Thrown together anything interesting lately?
 
I throw some frozen corn into Progresso's Lentil soup and that makes up a complete protein. I like the taste of the sweet corn as it balances with the tangy flavor of the soup. Then I just make a salad and have some whole wheat bread with some humus on it. This is an easy meal to throw together and it takes very little time to prepare.
 
I tend to be very Italian in my cooking... Less ethnicity, more ethos... One meal blends into the next, and the next, and the next ;) Saves a lot of effort & money.

Most recently it was shimp Po'boys, turned jambalaya, turned stuffed peppers. Leftovers are frozen. Some of the peppers I'll just eat later, but I'll probably cook the rest down & turn it into clam sauce or seafood Gaspacho or stuffing or something.

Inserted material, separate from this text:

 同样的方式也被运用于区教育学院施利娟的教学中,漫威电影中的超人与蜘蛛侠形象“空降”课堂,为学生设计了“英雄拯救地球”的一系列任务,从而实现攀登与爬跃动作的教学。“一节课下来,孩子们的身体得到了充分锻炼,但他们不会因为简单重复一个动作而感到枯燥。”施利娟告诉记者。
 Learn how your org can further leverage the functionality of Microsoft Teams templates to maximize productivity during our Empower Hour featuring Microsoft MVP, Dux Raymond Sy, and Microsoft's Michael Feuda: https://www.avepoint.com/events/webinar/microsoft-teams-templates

The hardest thing for me is to start cooking. Once I start? I've got food for a week. If I don't start? Living off fruity pebbles & a spoon in the almond butter. Don't mix those, btw. It's gross. Colorful, but gross.
 
We had leftover cheese fondue...how does that happen? It wasn't anything fancy. It was my "kid friendly" version... a combo of swiss, gruyere, some white cheddar and a little gouda made with apple juice instead of wine.

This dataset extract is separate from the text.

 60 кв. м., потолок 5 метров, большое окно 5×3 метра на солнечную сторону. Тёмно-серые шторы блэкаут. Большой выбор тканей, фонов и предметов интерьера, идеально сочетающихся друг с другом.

I reheated it the next day and poured it over macaroni noodles... OMG. I may have to make that on purpose sometime with the grown-up fondue.
 
Lately, I have been buying a product I find in the Asian section of Coles supermarket (in Australia). It's in the Indian sub-section. A product called The Spice Tailor by Anjum Anand. It is a cardboard pack with three envelopes. All Indian curries. Very very yum. All you need to add is some kind of meat and vegies. It costs about $5 a pack and that feeds three people with lots of sauce. My favourites are Keralan Coconut Curry , Tikka Masala and Punjabi Curry. I think there's about ten different ones and I like them all. Just as good as a meal out.
 
Had some leftovers from a birthday party. Threw all the left over ingredients (onions, mushrooms, boiled ham, salami, paprika, corn and cocktail tomatoes) in one pot. I browned everything, added sieved tomatoes, some spices (sugar, salt, pepper, basilikum, oregano, chili, hot paprica, parsley) and also added some waiter and made it boil. ...then I added some pasta and cooked everything until the pasta was fine to eat.
 
@FridayJones Why can't you eat cheese anymore because of PTSD? Is it to do with meds (MAO inhibitors)

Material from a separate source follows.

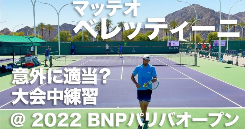 2022年3月にカリフォルニアのインディアンウェルズで開催された BNPパリバオープンでのマッテオ・ベレッティーニ選手のサービス練習+ストローク練習少し。

Bugger. Cheese is a gift. Yesterday I got food organised and bought a chicken, chopped it into pieces because I like the ribby bits and cooked coated in Tandoori paste. (I hate chopping up a chicken, really hate it). I also bought a triangle of blue vein cheese and will crumble some of that into greek yoghurt for a dressing.

Yep. Orgasm city.
 
@Flossy... Unfortunately, a common side effect of stress is dairy intollerance. Tends to start off with lactose intollerance, and then progresses on to no longer manufacturing any of the enzymes to break down the other milk sugars, proteins, & lipids. Repeated exposure to indigestible foods then tends to trigger allergies to them. I'm so sensitive to dairy, now, I can't eat just about anything that's not kosher or vegan. Even (non-kosher) meats that have been transported usually have casein (a milk protein) added to them to help retain color & flavor. The "tell" is whenever anything says "natural flavors"? It's usually a milk product. There's milk based stuff in 1,000 things I'd never have thought of. Calcium lactate to aid in free flowing in spices, calcium propionate in breads as a preservative... And nearly none of them have to list dairy as an ingredient if it's a sourced protein, sugar, fat, or mineral... Or as long as they have the 'natural juices' or 'natural flavors' tag on it. LOL. I've made a whole heckuva lot of phone calls over the past few years. Maybe 1:150 are dairy free.

I suppose I'd rather get violently ill from eating dairy than lose my hair or develop ulcers or cardiac problems. Maaaaaybe. ;) This is butter we're talking about, here!